Patto di non concorrenza
Il “patto di non concorrenza” prevede la possibilità, per il lavoratore ed il datore di lavoro, di concordare
che, in caso si cessazione del rapporto di lavoro, il lavoratore sia obbligato a non svolgere attività in
concorrenza con l’attività svolta dal datore di lavoro.

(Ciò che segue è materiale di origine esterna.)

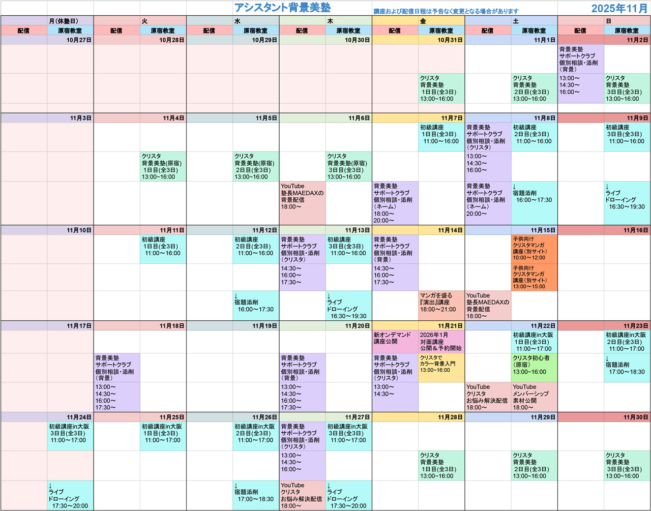 2025.09.19 2025年11月 講座公開のお知らせ ■2025年11月講座のご予約はこちら■ 2025年11月の原宿教室での講座スケジュールを公開しました。※10/3更新 原宿教室の対面講座 初級講座 クリスタ初心者 クリスタ背景美塾 マンガを盛る演出講座 クリスタでカラー背景入門 ■2025年11月講座のご予約はこちら■
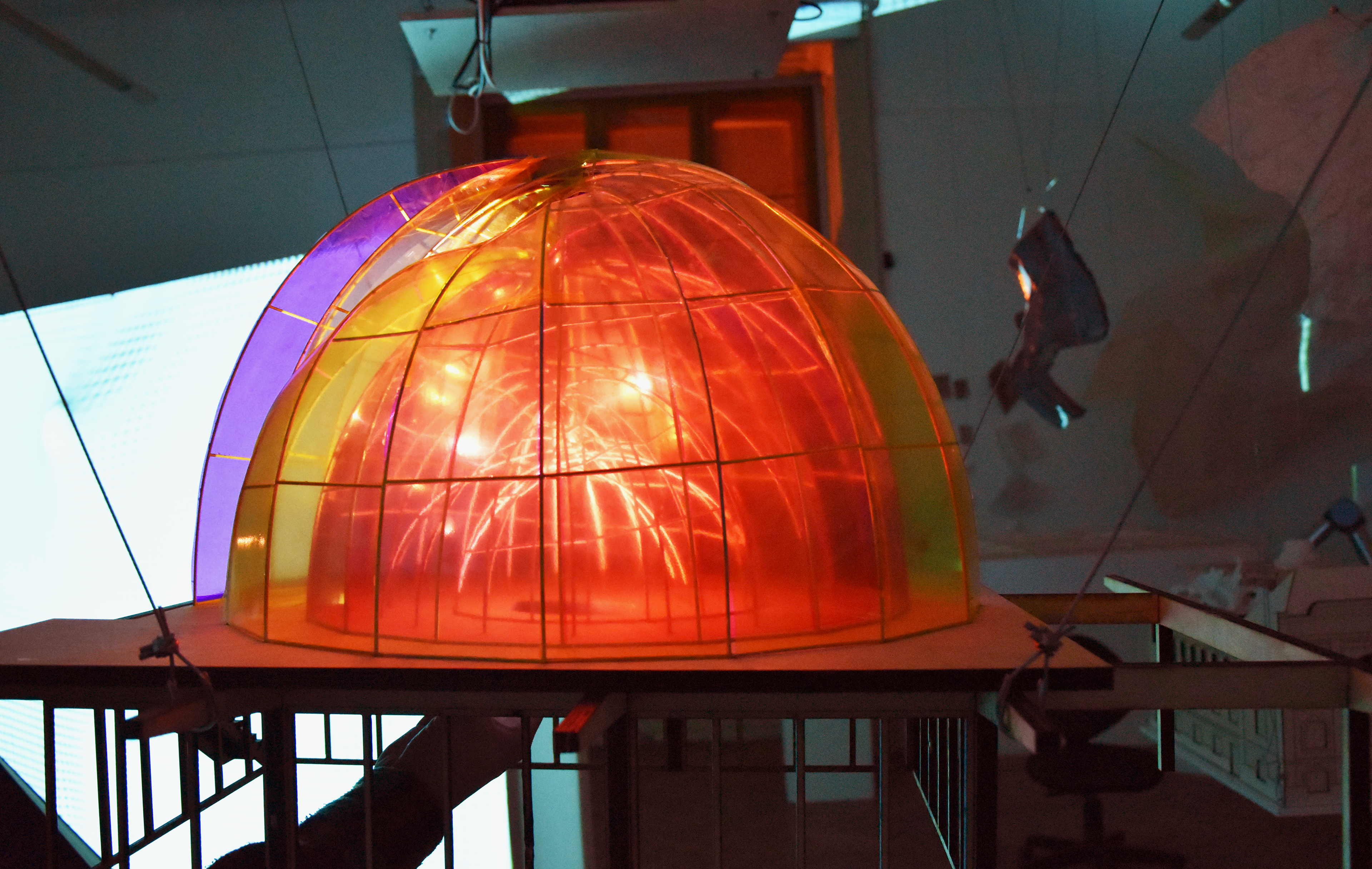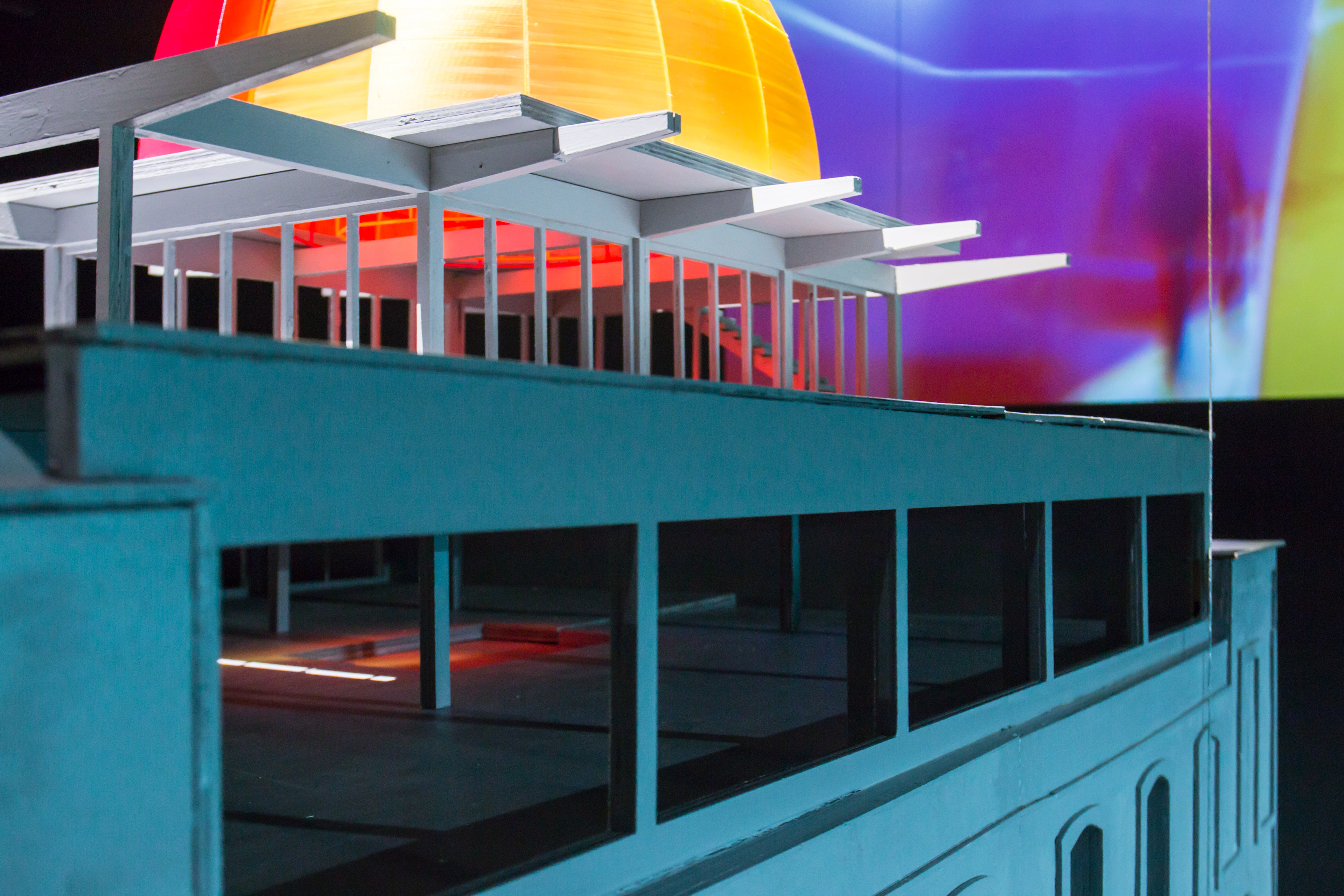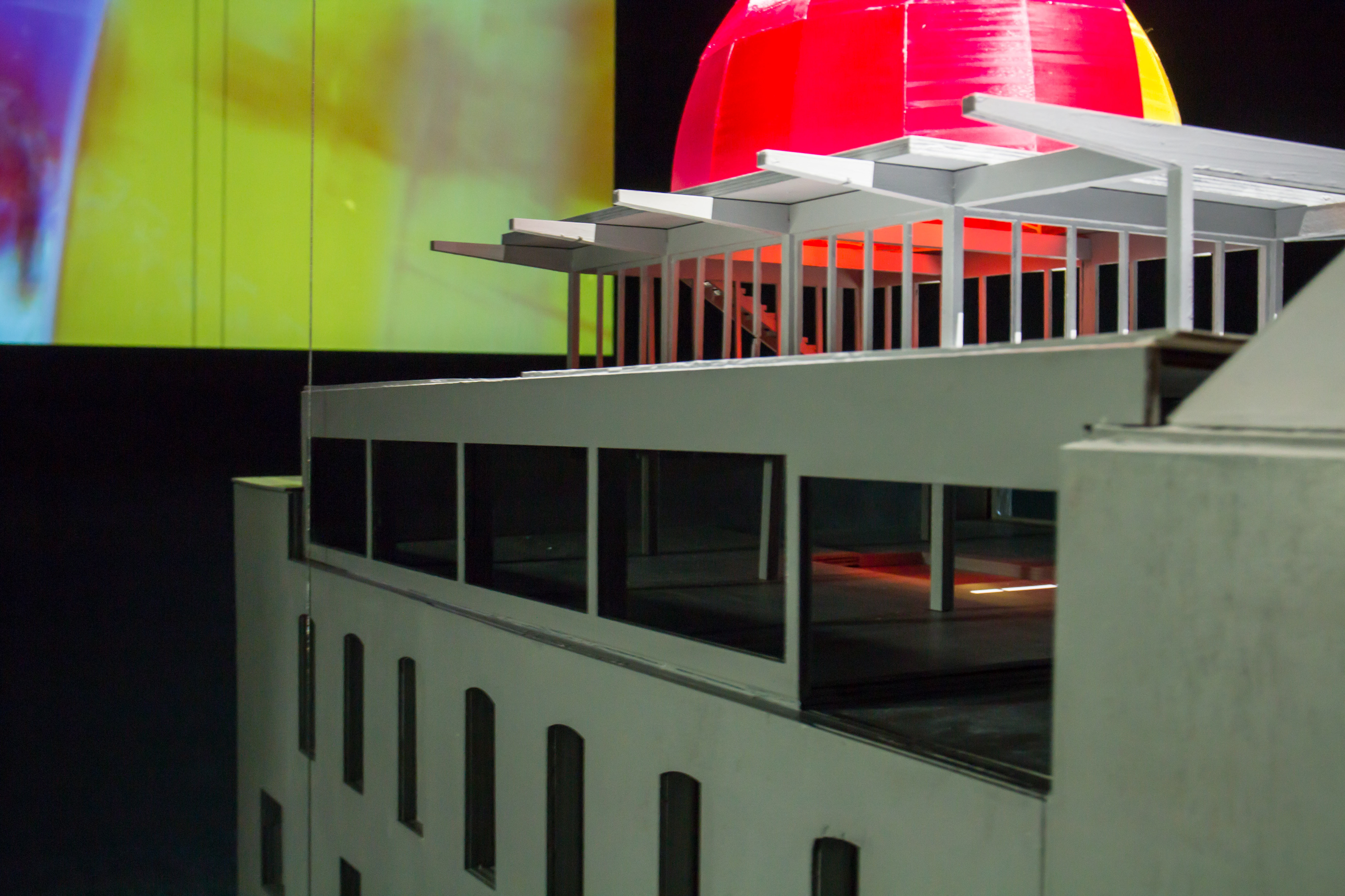 As an extension of the planned co-innovation space in the former Ankerbrotfabrik in Vienna, the declared aim of this project was to create a place of balance that brings people and bees into interaction. In this context, the idea arose to make use of the visual perception of bees. Since bees cannot see red light, a space was designed that only lets red light in through subtractive colour overlays, while ensuring a general permeability for the bees' flight. For deceleration, a spiral path was chosen that leads through two formally identical twisted structures, one covered with magenta and the other with yellow foil. The inner space, bathed in red light, is perceived as dark by the bees, while humans perceive it as red. This creates a space where bees feel calm and can build their nests on the inner structure, while humans can use it for meditation classes and other activities.

Tale patto è nullo se non approvato specificatamente per iscritto; inoltre, ai fini della sua validità si richiede
che lo stesso preveda una retribuzione per il lavoratore proporzionata all’attività che il lavoratore deve
svolgere.
La durata del vincolo non può superare i 5 anni nel caso in cui si tratti di dirigenti, o di tre anni in tutti gli
altri casi.
Tale patto, essendo a tutti gli effetti un contratto, può essere sciolto con il consenso di entrambe le parti,
salva diversa pattuizione, e la relativa violazione comporta la legittimazione a richiedere risarcimento del
danno.
Luogo di lavoro
Spesso nei contratti di lavoro sono inserite clausole che prevedono la possibilità che l’attività lavorativa sia
prestata non in un unico luogo, ma in diverse località.
Mentre tali clausole sono a tutti gli effetti valide, non possono considerarsi tali le clausole con le quali il
lavoratore si impegni ad esempio, a prestare la propria attività lavorativa in tutte le unità locali della
azienda, in quanto accordo privo di contenuto determinato e specifico.